Совершенно неожиданно, и, чувствуется, экспериментально Вы включили в программу романс. Это совершенно новое для Вас, но это архиудачно. Новый, современный романс, да еще в этакой исполнительской интерпретации. Думаю, что это новый бриллиант в вашей коллекции исполнительского искусства. Еще раз поражаюсь вашей изобретательностью в поисках нового. Скажу больше, — мне кажется, Вы открыли новый мощный пласт в этом жанре. Если существует жанр старинного романса, то почему бы не быть жанру современного романса в самом разнообразном стиле его исполнения?! Придет время, когда Вы уже не сможете (увы!
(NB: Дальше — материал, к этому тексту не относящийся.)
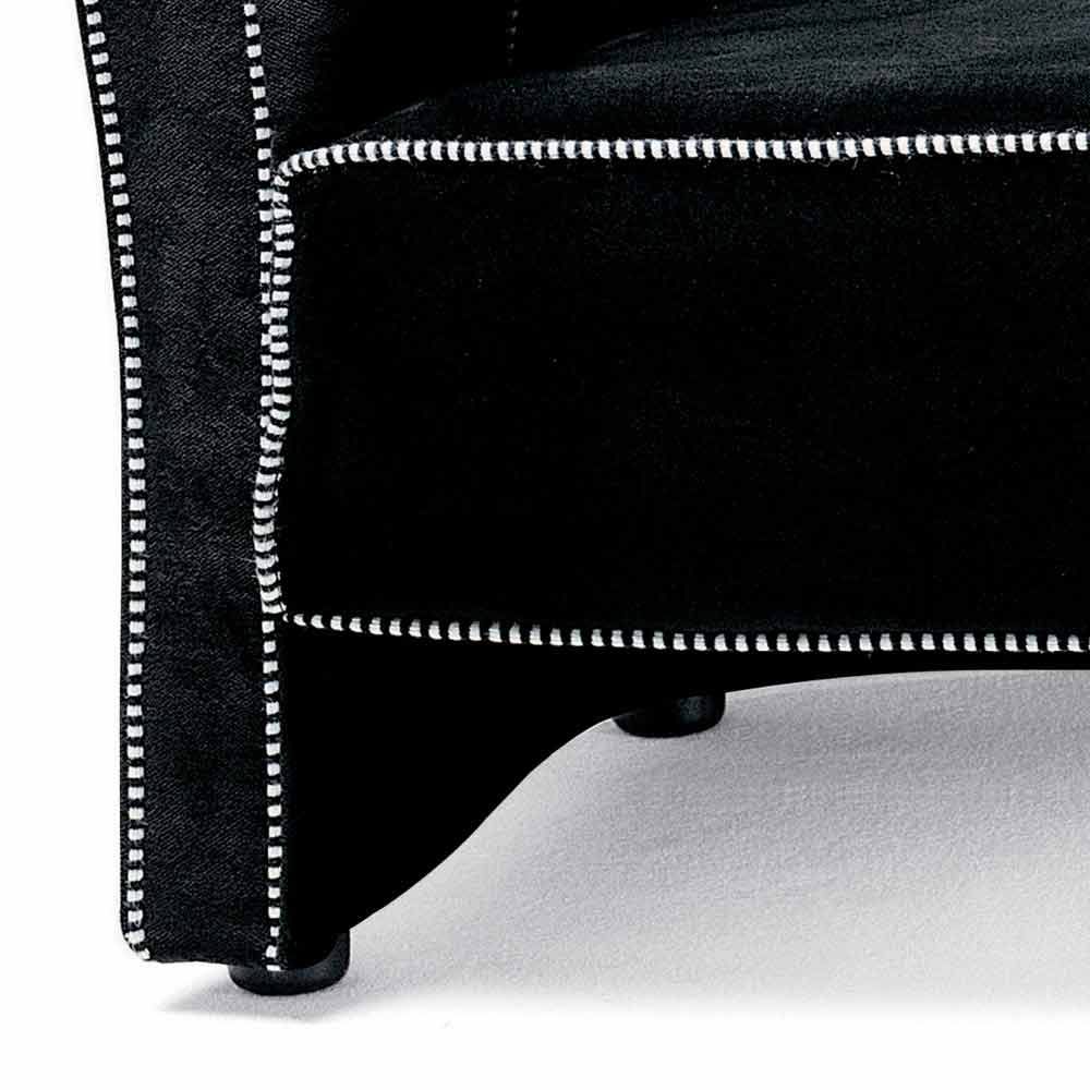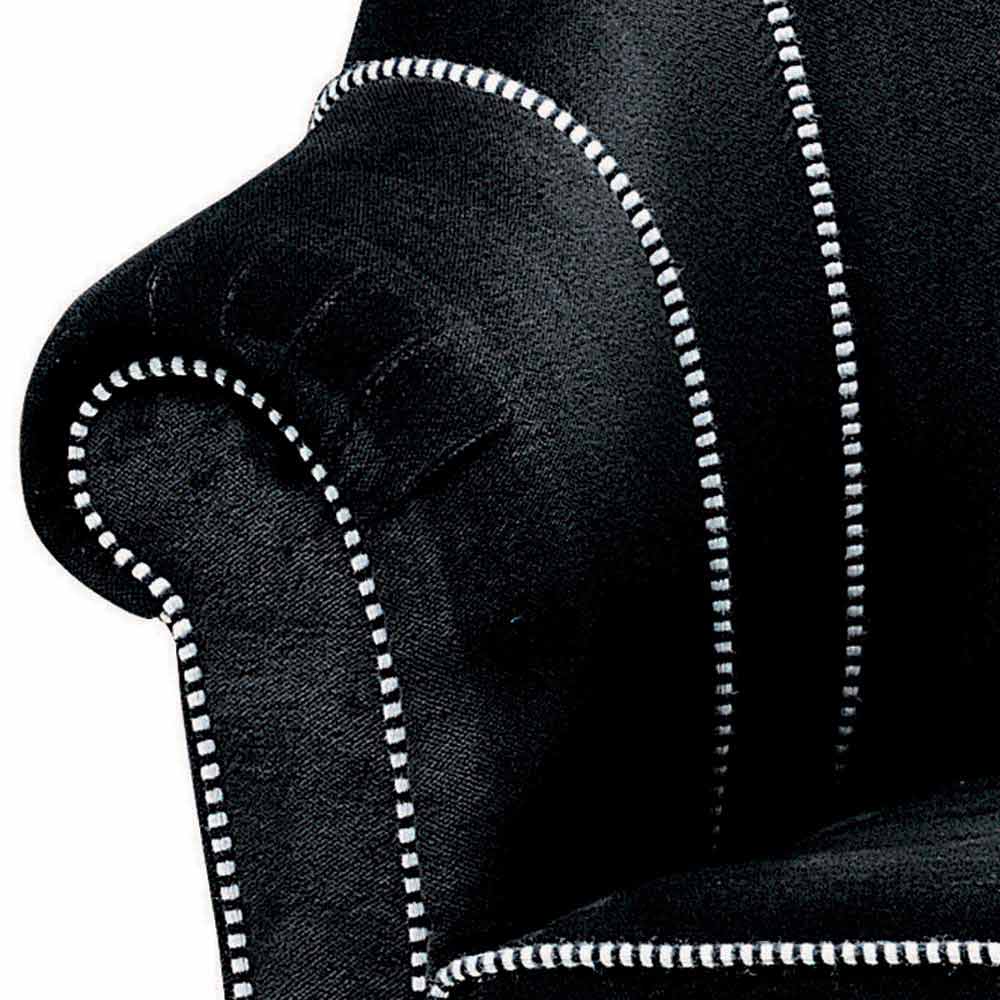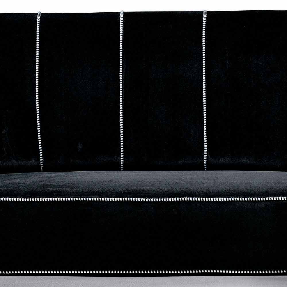 3 seater sofa made in Italy with internal wooden structure covered in polyurethane foam and polyester fiber lining, external covering in black velvet with black and white trimmings ( not removable ). This sofa has a particularly simple and versatile shape that easily adapts to any modern living area thanks to a sober design and essential shapes . To enrich the aesthetics are the contrasting seams that underline the basic features of the sofa, giving a sense of refinement and innovation for a cutting-edge result. Ideal for those who love an elegant furnishing style, this furnishing solution also features a velvet covering, a material that maximizes its comfort even to the touch. The materials chosen and used for the realization of this complement also allow to obtain a particularly welcoming seat, therefore ideal for spending wonderful moments dedicated to relaxation in your living room.

Это неизбежно) так легко и красиво передвигаться на сцене. И вот тогда романс, который к тому времени будет отшлифован и отгранен до совершенства, станет продолжением вашего мастерства. Я не провидец и не ясновидящий, но предвижу — Вашему, именно Вашему романсу, быть в Вашем репертуаре. Это ценнейшая находка.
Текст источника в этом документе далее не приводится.